--- INFORMATION SUPPLIED Enclosed Below ---

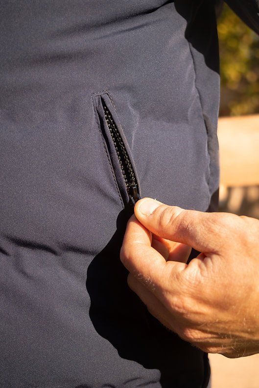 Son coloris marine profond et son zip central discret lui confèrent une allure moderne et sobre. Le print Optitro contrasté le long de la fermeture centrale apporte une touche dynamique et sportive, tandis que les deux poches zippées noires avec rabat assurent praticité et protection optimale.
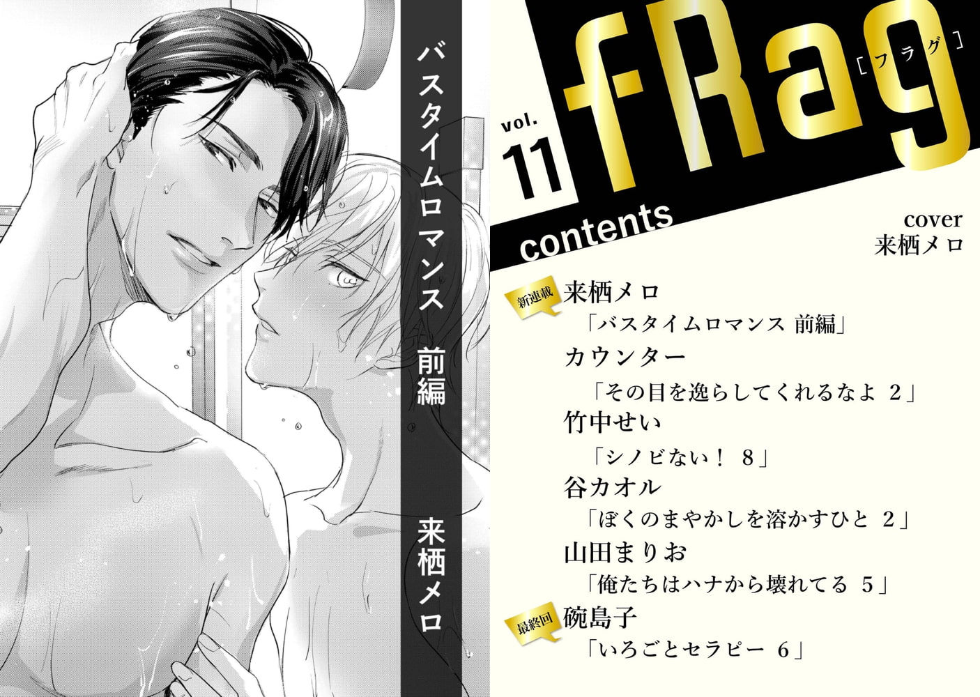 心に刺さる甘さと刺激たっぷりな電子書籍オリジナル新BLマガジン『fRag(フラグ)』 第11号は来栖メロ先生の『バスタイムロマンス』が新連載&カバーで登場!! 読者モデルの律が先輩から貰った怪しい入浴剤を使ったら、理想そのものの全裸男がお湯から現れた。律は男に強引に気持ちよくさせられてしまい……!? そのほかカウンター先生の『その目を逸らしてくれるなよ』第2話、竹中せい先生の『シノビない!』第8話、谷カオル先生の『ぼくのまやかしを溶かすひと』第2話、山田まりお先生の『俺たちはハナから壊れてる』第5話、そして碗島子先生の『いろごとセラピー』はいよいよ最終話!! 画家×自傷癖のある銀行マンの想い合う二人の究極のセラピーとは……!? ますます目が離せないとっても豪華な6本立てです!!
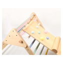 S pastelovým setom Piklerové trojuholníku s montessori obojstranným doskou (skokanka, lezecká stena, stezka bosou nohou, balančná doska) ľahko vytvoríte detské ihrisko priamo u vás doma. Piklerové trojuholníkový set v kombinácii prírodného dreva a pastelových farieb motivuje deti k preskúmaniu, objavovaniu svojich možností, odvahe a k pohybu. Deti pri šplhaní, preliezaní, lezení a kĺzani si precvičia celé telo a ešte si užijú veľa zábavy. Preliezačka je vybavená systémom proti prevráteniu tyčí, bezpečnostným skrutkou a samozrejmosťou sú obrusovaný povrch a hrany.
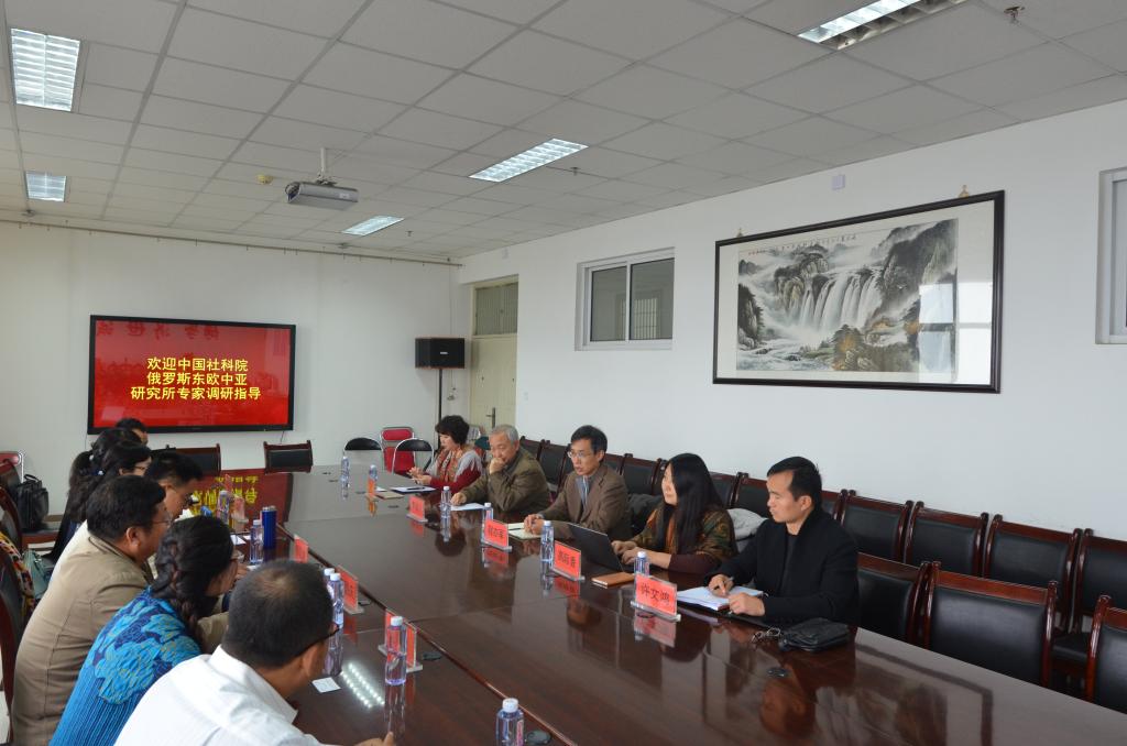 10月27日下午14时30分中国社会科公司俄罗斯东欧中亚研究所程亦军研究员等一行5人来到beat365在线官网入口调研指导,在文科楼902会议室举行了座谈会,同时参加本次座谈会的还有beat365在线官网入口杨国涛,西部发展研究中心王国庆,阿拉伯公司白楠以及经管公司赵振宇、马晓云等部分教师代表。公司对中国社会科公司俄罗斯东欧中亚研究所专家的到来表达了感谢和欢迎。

--- End of Enclosed INFORMATION SUPPLIED ---

ACTIVITY :: Since the pictures are not wanted, transcribe the rest of the listing above exactly.

WRITTEN SOLUTION ::
 Son coloris marine profond et son zip central discret lui confèrent une allure moderne et sobre. Le print Optitro contrasté le long de la fermeture centrale apporte une touche dynamique et sportive, tandis que les deux poches zippées noires avec rabat assurent praticité et protection optimale.
 心に刺さる甘さと刺激たっぷりな電子書籍オリジナル新BLマガジン『fRag(フラグ)』 第11号は来栖メロ先生の『バスタイムロマンス』が新連載&カバーで登場!! 読者モデルの律が先輩から貰った怪しい入浴剤を使ったら、理想そのものの全裸男がお湯から現れた。律は男に強引に気持ちよくさせられてしまい……!? そのほかカウンター先生の『その目を逸らしてくれるなよ』第2話、竹中せい先生の『シノビない!』第8話、谷カオル先生の『ぼくのまやかしを溶かすひと』第2話、山田まりお先生の『俺たちはハナから壊れてる』第5話、そして碗島子先生の『いろごとセラピー』はいよいよ最終話!! 画家×自傷癖のある銀行マンの想い合う二人の究極のセラピーとは……!? ますます目が離せないとっても豪華な6本立てです!!
 S pastelovým setom Piklerové trojuholníku s montessori obojstranným doskou (skokanka, lezecká stena, stezka bosou nohou, balančná doska) ľahko vytvoríte detské ihrisko priamo u vás doma. Piklerové trojuholníkový set v kombinácii prírodného dreva a pastelových farieb motivuje deti k preskúmaniu, objavovaniu svojich možností, odvahe a k pohybu. Deti pri šplhaní, preliezaní, lezení a kĺzani si precvičia celé telo a ešte si užijú veľa zábavy. Preliezačka je vybavená systémom proti prevráteniu tyčí, bezpečnostným skrutkou a samozrejmosťou sú obrusovaný povrch a hrany.
 10月27日下午14时30分中国社会科公司俄罗斯东欧中亚研究所程亦军研究员等一行5人来到beat365在线官网入口调研指导,在文科楼902会议室举行了座谈会,同时参加本次座谈会的还有beat365在线官网入口杨国涛,西部发展研究中心王国庆,阿拉伯公司白楠以及经管公司赵振宇、马晓云等部分教师代表。公司对中国社会科公司俄罗斯东欧中亚研究所专家的到来表达了感谢和欢迎。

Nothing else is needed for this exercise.